Dataset records
*****

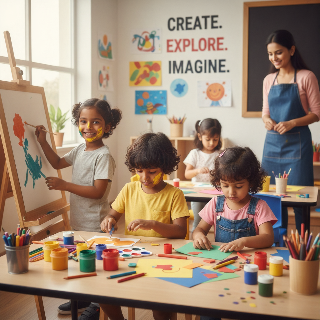 We believe art is fundamental to early education . Through practical experiences like painting  and crafts , children develop their fine motor skills and sharpen cognitive abilities, which unlocks their creative potential .
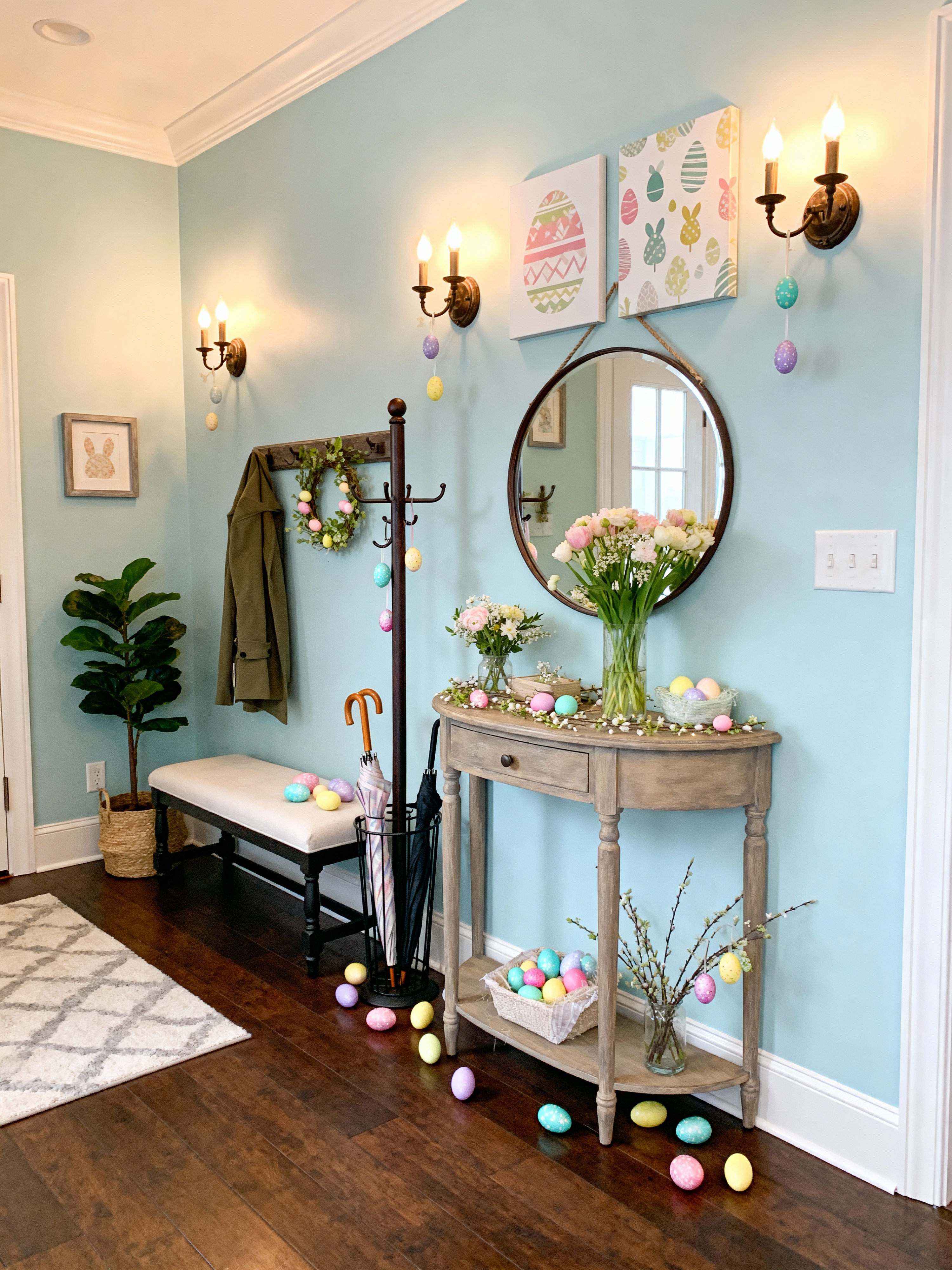 hallway with easter style with wall sconces and umbrella stand and bench and coat rack and plant and mirror and console table and wall art. . with flowers on table and spring decorations and colorful easter eggs and light blue colors and easter decorations and flowers on table
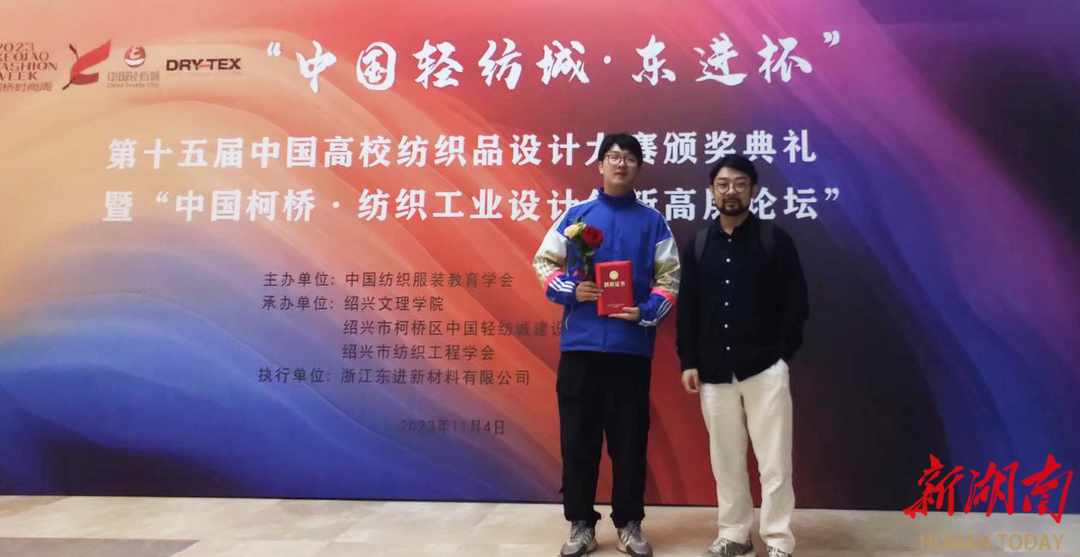 湖南日报·新湖南客户端11月10日讯(通讯员 贺晨亮)近日,“中国轻纺城·东进杯”第十五届中国高校纺织品设计大赛颁奖典礼暨“2023中国柯桥·纺织工业设计创新高层论坛”在浙江省绍兴市举行。本次大赛共收到来自国内外院校提交的1714项参赛作品。beat365官方网站纺织服装学院学生作品在众多参赛作品中脱颖而出,获一等奖1项、二等奖2项、三等奖5项。学校一等奖获得者姚峥同学与作品指导老师贺晨亮作为代表参加了大赛颁奖典礼。
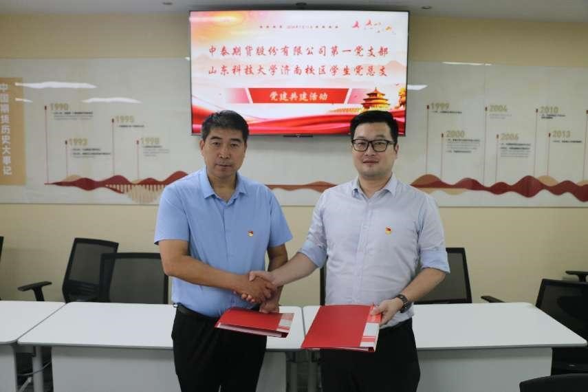 毛庆东一行参观了中泰期货股份有限公司济南分公司,副总经理盛兢分别从“公司介绍”“党建基础”“党建创新”“党员队伍”“乡村振兴”“群团工作”等方面介绍了公司业务、人才培养以及党建情况。毛庆东介绍了学校基本情况和yl23455永利的办学定位、专业设置、人才培养、科技创新、就业创业等情况,希望双方加强沟通交流,共享共建,互利共赢。
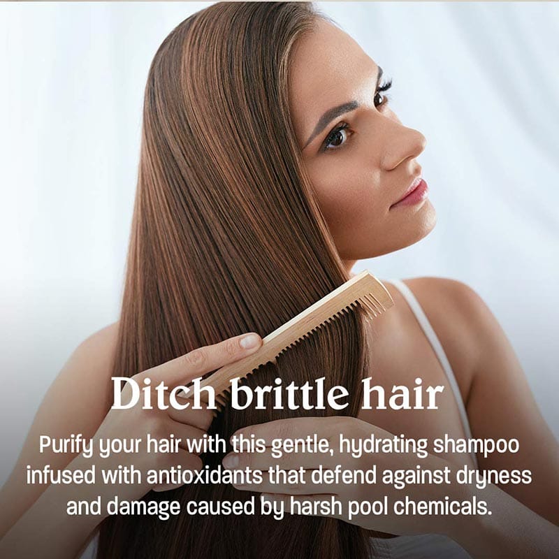 Naturally eliminate elements (chlorine, bromine, copper, calcium, lime or salts) that can make swimmers’ hair look and feel damaged.
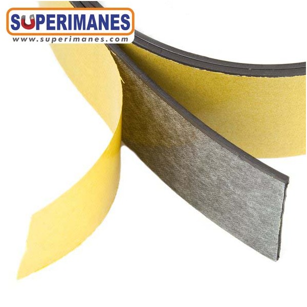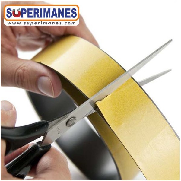 Las cintas magnéticas autoadhesiva sirve para fijar objetos no magnéticos en superficies metálicas. Esta cinta magnética tiene 50 mm de anchura y está disponible en grosor de 1.5 mm, se vende por metros sueltos o por rollos. Tienen magnetización anisotrópica. Tira adhesiva imantada. Estas tiras magnéticas pueden ser cortadas con tijeras o cúter fácilmente. Aptos para realizar manualidades con ellos, muy apropiado para hacer figuras magnéticas. Usados por centros educativos, oficinas y hogares.
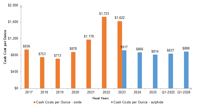 Cash costs were up 6% YoYto $888/oz, vs our estimate of $875/oz, mainly due to higher gold-price-linked royalty payments
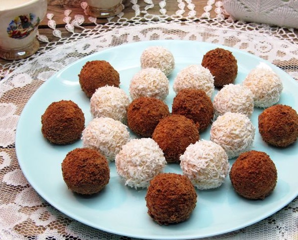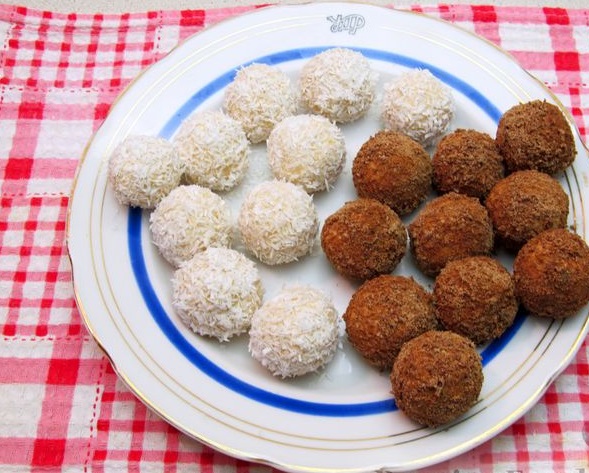 Roll half of the balls in chocolate and half in coconut. If chocolate or coconut flakes do not adhere well to the surface, you can quickly dip each ball into cold water for a second immediately before rolling.
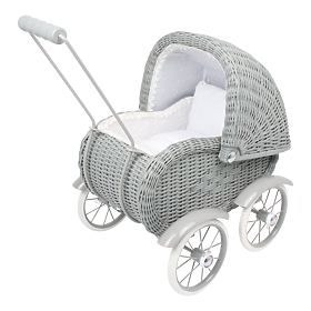 A gyönyörű fonott babakocsi a szürke dekorációval díszített, fényűző dizájnjával kitűnik, akár játéknak, akár dekorációnak.
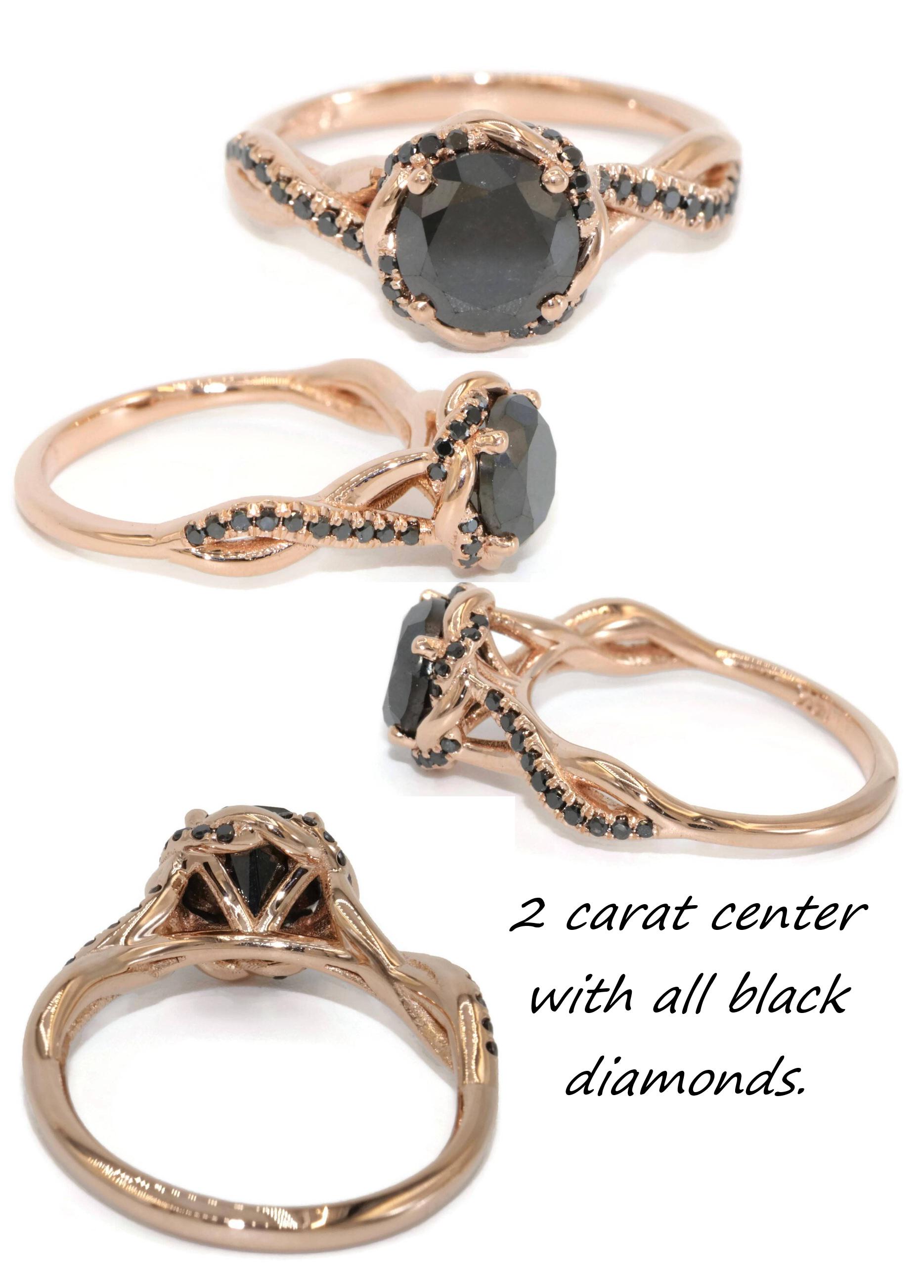 Custom made 2 carat Black Natural Diamond Engagement Ring.

*****

- [Required work] In the copy, include every record exactly and no pictures.

- [Result]
 We believe art is fundamental to early education . Through practical experiences like painting  and crafts , children develop their fine motor skills and sharpen cognitive abilities, which unlocks their creative potential .
 hallway with easter style with wall sconces and umbrella stand and bench and coat rack and plant and mirror and console table and wall art. . with flowers on table and spring decorations and colorful easter eggs and light blue colors and easter decorations and flowers on table
 湖南日报·新湖南客户端11月10日讯(通讯员 贺晨亮)近日,“中国轻纺城·东进杯”第十五届中国高校纺织品设计大赛颁奖典礼暨“2023中国柯桥·纺织工业设计创新高层论坛”在浙江省绍兴市举行。本次大赛共收到来自国内外院校提交的1714项参赛作品。beat365官方网站纺织服装学院学生作品在众多参赛作品中脱颖而出,获一等奖1项、二等奖2项、三等奖5项。学校一等奖获得者姚峥同学与作品指导老师贺晨亮作为代表参加了大赛颁奖典礼。
 毛庆东一行参观了中泰期货股份有限公司济南分公司,副总经理盛兢分别从“公司介绍”“党建基础”“党建创新”“党员队伍”“乡村振兴”“群团工作”等方面介绍了公司业务、人才培养以及党建情况。毛庆东介绍了学校基本情况和yl23455永利的办学定位、专业设置、人才培养、科技创新、就业创业等情况,希望双方加强沟通交流,共享共建,互利共赢。
 Naturally eliminate elements (chlorine, bromine, copper, calcium, lime or salts) that can make swimmers’ hair look and feel damaged.
 Las cintas magnéticas autoadhesiva sirve para fijar objetos no magnéticos en superficies metálicas. Esta cinta magnética tiene 50 mm de anchura y está disponible en grosor de 1.5 mm, se vende por metros sueltos o por rollos. Tienen magnetización anisotrópica. Tira adhesiva imantada. Estas tiras magnéticas pueden ser cortadas con tijeras o cúter fácilmente. Aptos para realizar manualidades con ellos, muy apropiado para hacer figuras magnéticas. Usados por centros educativos, oficinas y hogares.
 Cash costs were up 6% YoYto $888/oz, vs our estimate of $875/oz, mainly due to higher gold-price-linked royalty payments
 Roll half of the balls in chocolate and half in coconut. If chocolate or coconut flakes do not adhere well to the surface, you can quickly dip each ball into cold water for a second immediately before rolling.
 A gyönyörű fonott babakocsi a szürke dekorációval díszített, fényűző dizájnjával kitűnik, akár játéknak, akár dekorációnak.
 Custom made 2 carat Black Natural Diamond Engagement Ring.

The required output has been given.